Call of Cthulhu from Cyanide Studios is and investigative RPG that’s the official adaptation of Chaosium’s pen-and-paper one. It’s all about uncovering the deepening mysteries and the eventual, unavoidable descent into madness that tends to happen in things of a Lovecraftian nature.

In it, you play as Private Investigator Edward Pierce, who’s been sent to investigate the death of the Hawkins family. There’s more to their death than meets the eye, and the fire that killed them might not be the accident that local authorities on the isolate Darkwater Island proclaim it to be. Using your investigative skills, you’ll have to speak to the locals, discover clues and figure out the truth at the heart of the case.
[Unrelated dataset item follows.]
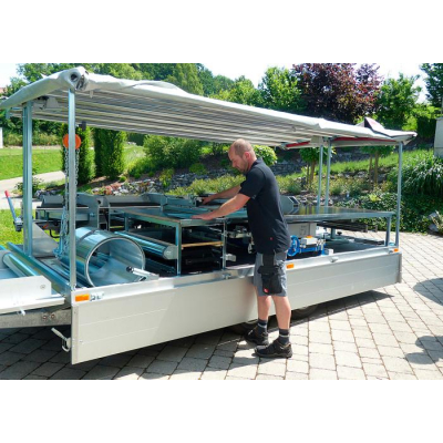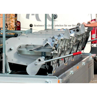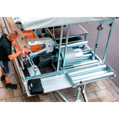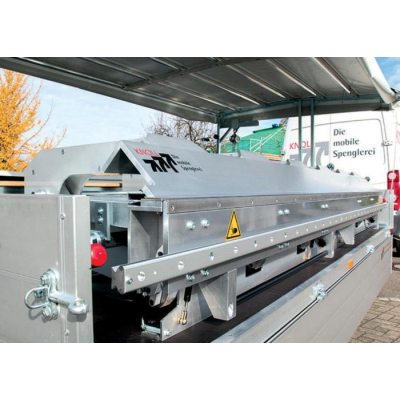 Na svislou konstrukci přívěsu lze umístit lehký kladkostroj pro nakládání a vykládání svitků cca do 300kg.Celá klempířská pojízdná dílna nabízí ještě další možnosti pro zpracování klempířských plechů. Především při výrobě fasádních panelů lze najít širokou nabídku tvarovacích zařízení.

Investigation itself is reminiscent of the detective work in the Arkham Games, itself Holmesian on its approach. Pierce can reconstruct events, looking for clues and information that initial investigations may have missed. Because it’s based on a pen-and-paper RPG, hidden dice rolls couple with your skills to determine your success or failure in many aspects. By using skills, or reading books, you’ll earn experience points, which increase your proficiency. When you find clues during your investigation, you’ll unlock extra dialogue options with the non-player characters you’ll encounter. The skills you can plug your experience into include strength, eloquence, investigation, occultism, spotting, psychology and a few more, all of them changing how you’ll tackle the game, and shape the relationships you’ll form with the island’s inhabitants.
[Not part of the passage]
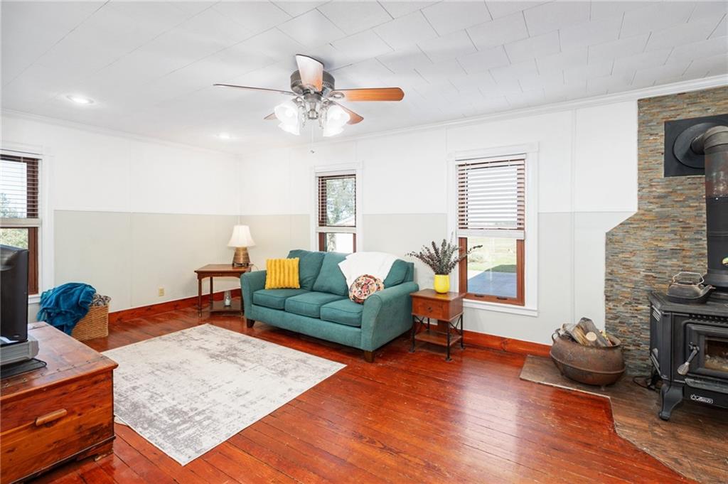 Peaceful Country Home on 12 Acres - Welcome to Heartsong Hollow Farm — a beautiful 5-bedroom home tucked just a quarter mile off the blacktop, offering peace, privacy, and open country views in every direction. You’ll love the character of this early 1900s farmhouse, where much of the original trim, wood floors, and a few stunning stained-glass windows are still intact. The home has seen plenty of updates too, including all new windows, an updated kitchen, and wiring with a manual transfer switch and outdoor power inlet for a portable generator. The spacious three-car attached garage includes one 12’ door plus two standard doors, along with an attached carport. There’s also a separate two-car detached garage that’s perfect for a workshop, hobby space, or extra storage. The barns are thoughtfully set up for livestock and horses, complete with stalls, turnouts, a tack room, water, and electric. The third barn is ideal for hay storage from your very own pasture and equipment storage, with plenty of room for your animals to roam in the fenced pastures. Surrounded by picturesque farmland, this property offers that rare blend of peaceful country living with all the space you need to grow, create, and make it your own. 1/2 mile from Ottawa. Close to schools, shopping, and health care. Easy access to Interstate 35 & US 59 Hiway

In one section, we were shown a bit of puzzle solving where getting into a hidden room could have been done by finding the hidden switches and figuring the solution out – but was instead cracked by finding the gears for the mechanism, and just engaged with a crowbar.
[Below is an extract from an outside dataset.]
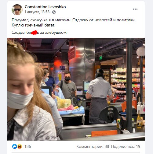 "Подумав, сходжу-но я в магазин. Відпочину від новин і політики. Куплю гречаний багет. Сходив ... за хлібцем", - іронізує автор публікації.
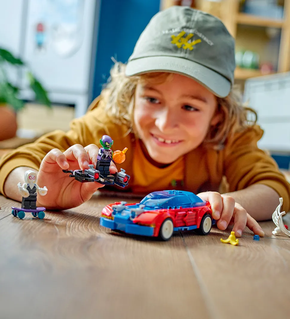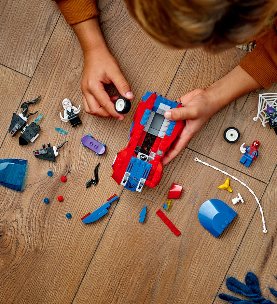 LEGO® Marvel Spider-Man sættet er det perfekte legetøj til det kreative barn, der vil bygge og lege med sættet, som indeholder en Spider-Man-bil, som børn kan bygge, våben, tilbehør, minifigurer af Marvel-heltene Spider-Man og Ghost-Spider samt en minifigur af Venom Green Goblin.

As with the pen-and-paper game, sanity will be an important part of the experience, but it will be narrative driven rather than a mechanical aspect. Here’s Pierce’s descent into madness is inevitable – but how he deals with the mental trauma f that will be up to how you play.

It’s certainly intriguing, but the poor voice acting detracts.

What we didn’t get to see was any of the Old Gods, or any Eldritch horrors, but I’m sure we’ll get a better look at that before the game’s release on Xbox One, PS4 and PC before the end of this year.

Last Updated: June 15, 2018

2 Comments

  1. Alien Emperor Trevor

    June 15, 2018 at 09:55

    “Call of Cthulhu will see you descend into madness”

    But I don’t want a Twitter account.

    Reply

  2. Weanerdog

    June 15, 2018 at 10:02

    There is an old CoC game on PC which apparently as you decend into madness would make the controls become less responsive and camera would become juddery.